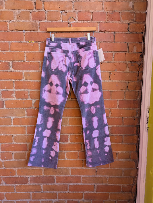 1990s Jane Doe Jeans Mid-Rise, Kick Flare Corduroy Pants With Pink and Purple Bleach Detailing
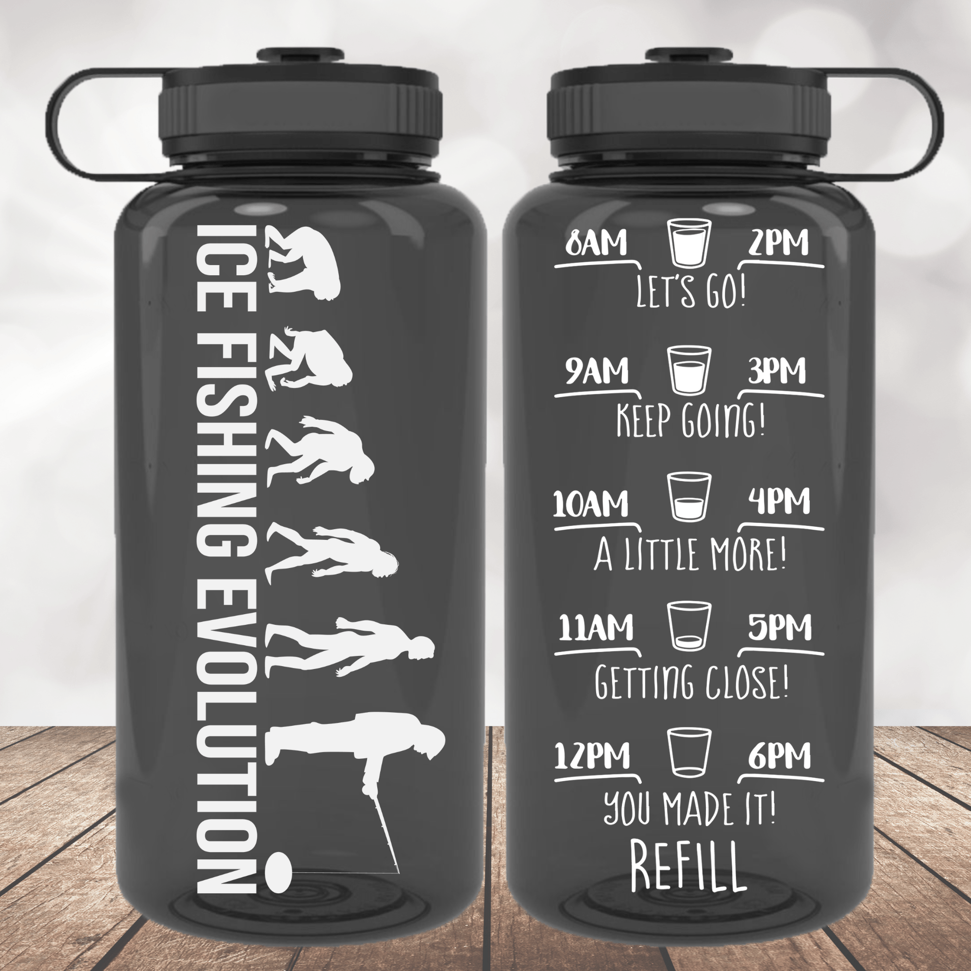 Ice Fishing Evolution Design is WHITE and shown on our Charcoal Grey Bottle.
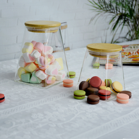 طاولة شفافة مع غطاء خيزران ، برطمانات طعام محكمة الغلق للمطبخ المنزلي ، تخزين مزخرف للمارشملو ماكارون
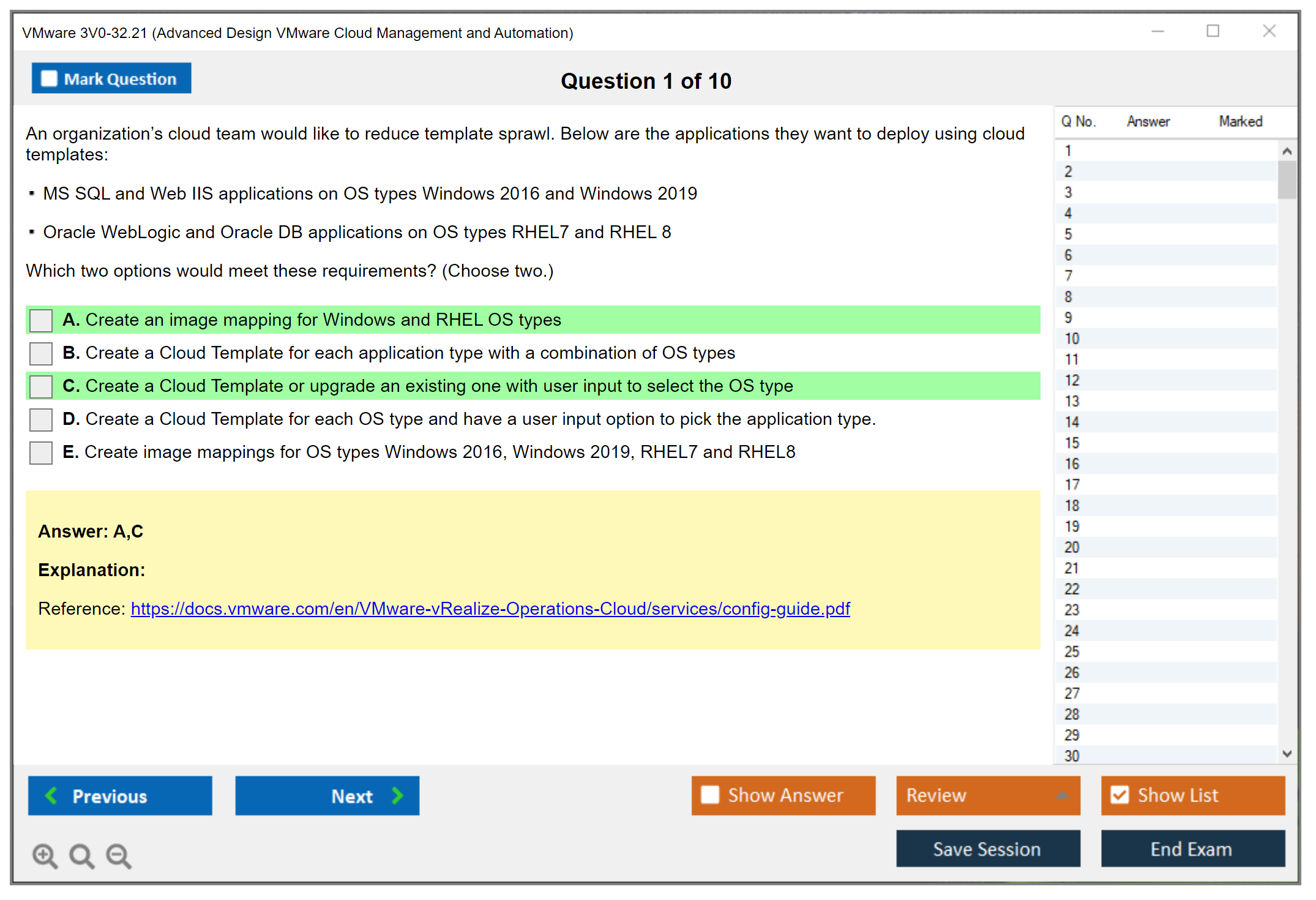 Note: VMware 3V0-32.21 (Advanced Design VMware Cloud Management and Automation) will not receive any new updates.

• **WHAT YOU ARE ASKED TO DO**: Everything in the listing is to be returned word for word, except the pictures.

• **TASK RESPONSE**:
 1990s Jane Doe Jeans Mid-Rise, Kick Flare Corduroy Pants With Pink and Purple Bleach Detailing
 Ice Fishing Evolution Design is WHITE and shown on our Charcoal Grey Bottle.
 طاولة شفافة مع غطاء خيزران ، برطمانات طعام محكمة الغلق للمطبخ المنزلي ، تخزين مزخرف للمارشملو ماكارون
 Note: VMware 3V0-32.21 (Advanced Design VMware Cloud Management and Automation) will not receive any new updates.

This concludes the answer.